Ed è così che si apre, forse, una nuova fase dell’internazionalizzazione di Istanbul, questa volta sotto l’egida del mercato globale. Ci sono le cupole, ci sono i minareti, ma è anche vero che le mode, i locali, la stampa, sono per lo più gli stessi di Roma, New York o Berlino. E la musica. I concerti all’Inönü Stadium di Istanbul sono sempre strapieni. I giovanissimi ascoltano i Pearl Jam, Tracy Chapman, Eros Ramazzotti, Claudio Baglioni. L’algerino Kalhed con la sua Aisha non è da meno. Ma la vera colonna sonora della nuova Istanbul, quella che ossessivamente si ripete nei caffè e nelle discoteche, nei grandi magazzini e nel Gran Bazar, è basata sulle sonorità di due pop-star turche: Tarkan e Mustafà Sandal. Hepsi Senin Mi? e Gitme del primo e Araba del secondo sono i brani più gettonati. Ma il vero fenomeno è Tarkan, un giovanotto di ventiquattro anni in grado di mandare in estasi stadi pieni di teenagers, con una musica che fonde abilmente i suoni del pop-rock angloamericano con i ritmi tradizionali turchi. Nato in Germania da emigrati rientrati in patria quando lui era poco più che adolescente, rappresenta in qualche modo il simbolo della Turchia globale. In sole cinque settimane è riuscito a vendere un milione e mezzo di copie del suo ultimo disco, Ölürüm sana. Sarà proprio lui a rappresentare in questi giorni il debutto della turkish music prima negli Usa e poi nel mercato discografico internazionale. L’idea è stata di Ahmet e Nesuhi Ertegun, figli dell’ambasciatore turco negli Usa e fondatori, nell’ormai lontano 1947, della casa discografica Atlantic, che così rivelano la loro identità turca.

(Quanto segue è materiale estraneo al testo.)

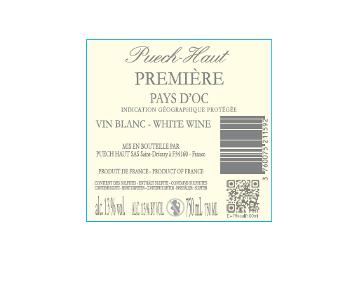 | Libellé | Puech Haut Premiere , 2023 - Pays d'Oc IGP - Blanc Sec - 75 cl |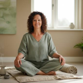 Zachte yoga, breathwork, aandacht, zelfliefde en als je wilt de ondersteuning van cacao.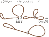 - ●直径1cmの伸縮性のあるヒモで中身は撚糸のくみヒモを使用。中~大型犬の訓練にも最適!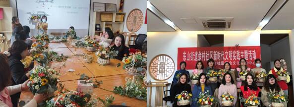 一花一世界,一葉一乾坤?;ǖ朗侵袊鴤鹘y(tǒng)修身養(yǎng)性,陶冶身心的生活藝術(shù)。3月8日上午,在“風(fēng)尚古村,花姿物語”環(huán)節(jié),花藝?yán)蠋熓紫仍敿?xì)講解了鮮花保鮮常識、色彩搭配、插花技巧等,隨后指導(dǎo)大家進(jìn)行插花體驗(yàn)。在淡雅的花香浸染間,大家興致盎然,相互交流技藝、欣賞花籃、拍照留念,盡情享受閑適時光。一小時后,普通的花葉、枝條,經(jīng)過精巧的修飾與創(chuàng)作,變成了錯落有致、賞心悅目的花籃,從而讓婦女同胞們感受到花藝魅力的同時,展現(xiàn)出新時代女性獨(dú)立、陽光、自信的風(fēng)采。

Nel frattempo è stato già tradotto in dieci lingue, con milioni di copie vendute, il giallo Happy birthday, turco! di Jacob Arjouni, un giovane scrittore di thriller di origine turca, che vive in Francia. Il protagonista dei suoi romanzi, Kemal Kayankaya, è stato definito l’erede turco-tedesco di Philippe Marlowe. Potenza dell’immaginario, ma anche questa è la via turca alla globalizzazione. I due discografici fratelli Ertegun, il regista Ozpetek, il giallista Arjouni ne sono la prova più evidente.

Lasciando Istanbul, ci colpisce l’immagine di un pendolare, in perfetta tenuta da manager occidentale, con tanto di valigetta ventiquattr’ore, che, attraversando il Bosforo sul traghetto, controlla il suo computer portatile ma solo dopo aver bevuto il suo çay. È in questo atteggiamento, forse, la sfida rappresentata da questa città, dalla sua storia, dal suo futuro. Non a caso, proprio al ritorno da un viaggio a Istanbul, Stuart Eizenstat, ambasciatore Usa presso l’Unione europea, ha dovuto confessare: "L’Europa non sarebbe completa senza la Turchia".